I would buy an investment property in somewhere like Chatham, in Kent. The whole South-east has underperformed in price terms for three years, but there's beginning to be an upturn. To me, there is more potential here than elsewhere.

What's your tip for a best buy overseas?

Don't ignore the traditional locations - Murcia, in Spain, is good, not too congested and becoming increasingly popular with Brits. Or you could buy in Turkey, which is accessible and still cheap, and has an economy with big potential. However, I wouldn't recommend buying in central Europe, because of its difficult legal system and lack of transparency.

Lisa Isaacs edits What House? magazine, offering advice to inexperienced and first-time buyers, and road-testing new homes.

How is the market performing now? Give it points out of 10:

6/10.

Are prices up, down or flat?

Prices are still inflated. At the moment, first-time buyers are struggling to accumulate the money for a deposit and vendors feel that it's their God-given right to sell for an unrealistic value - but the longer they hold out for a top price, the staler the market becomes. In 2006, I can see house-price inflation staying the same.
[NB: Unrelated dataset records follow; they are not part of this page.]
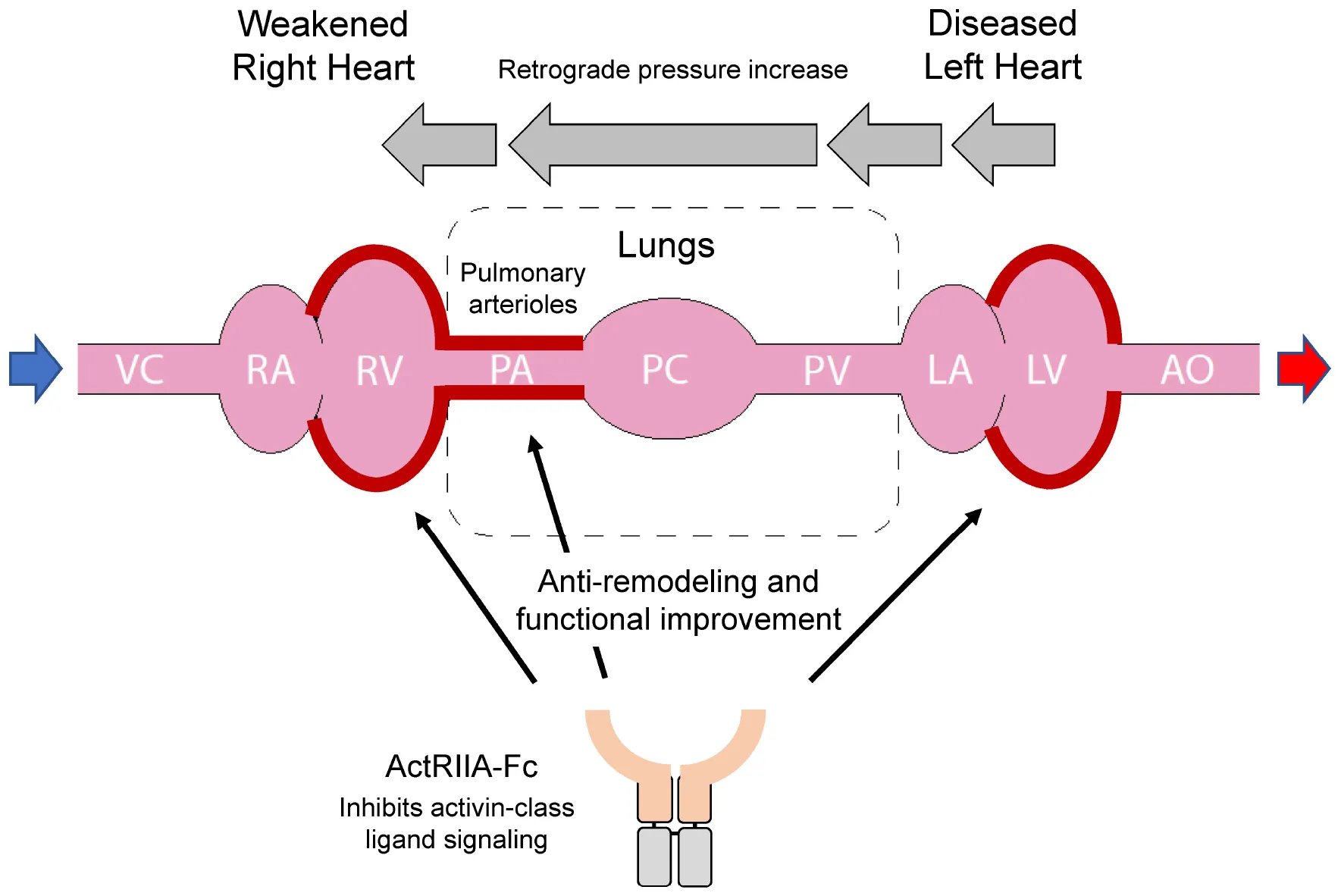 In Group 2 pulmonary hypertension (PH), left heart failure can cause retrograde elevation of blood pressure that leads to dysfunction of the pulmonary arterial system and subsequent right heart failure. Activin receptor type IIA-Fc fusion protein (ActRIIA-Fc) improves cardiopulmonary remodeling and function in models of Group 2 PH through mutually reinforcing, beneficial actions at multiple sites.
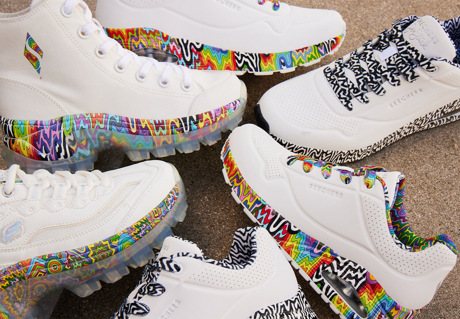 Desenhado hipnoticamente e opticamente cativante, o universo de Jen Stark é um caleidoscópio de brincadeiras constantes. Suas vibrantes ilusões abstratas decoraram numerosos murais e enfeitaram as paredes de museus e galerias renomados em todo o mundo, transcendendo a recém-lançada coleção Skechers x Jen Stark.
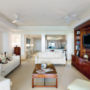 It begins with that amazing terrace and patio area. Furnished at one end with a sun bed and a massive banquet sofa and at the other with al fresco dining. It leads directly to your private path to the beach just beyond the row of low trees and palms. You enjoy total privacy but instant access to the beach, or you can opt for a quick dip in the plunge pool that abuts the terrace as well. Just inside, is the great room with formal living room, and this leads into your television room, also elegantly furnished in a pale and soothing design. This takes you to the gourmet kitchen where you can have your cook make meals or you can spend time experimenting too.

With a deposit of £50,000, what would you choose as a UK investment?

I'd buy a holiday home to rent out. The South-west has peaked, so I'd look around the New Forest, in East Anglia and in Scotland.

What's your tip for a best buy overseas?

I think I would take a gamble and head for Hong Kong - where the newly opened Disneyland is going to pull in the punters. If it were to enjoy the same success as its Floridian counterpart and the short-term lets rolled in, I'd be very happy.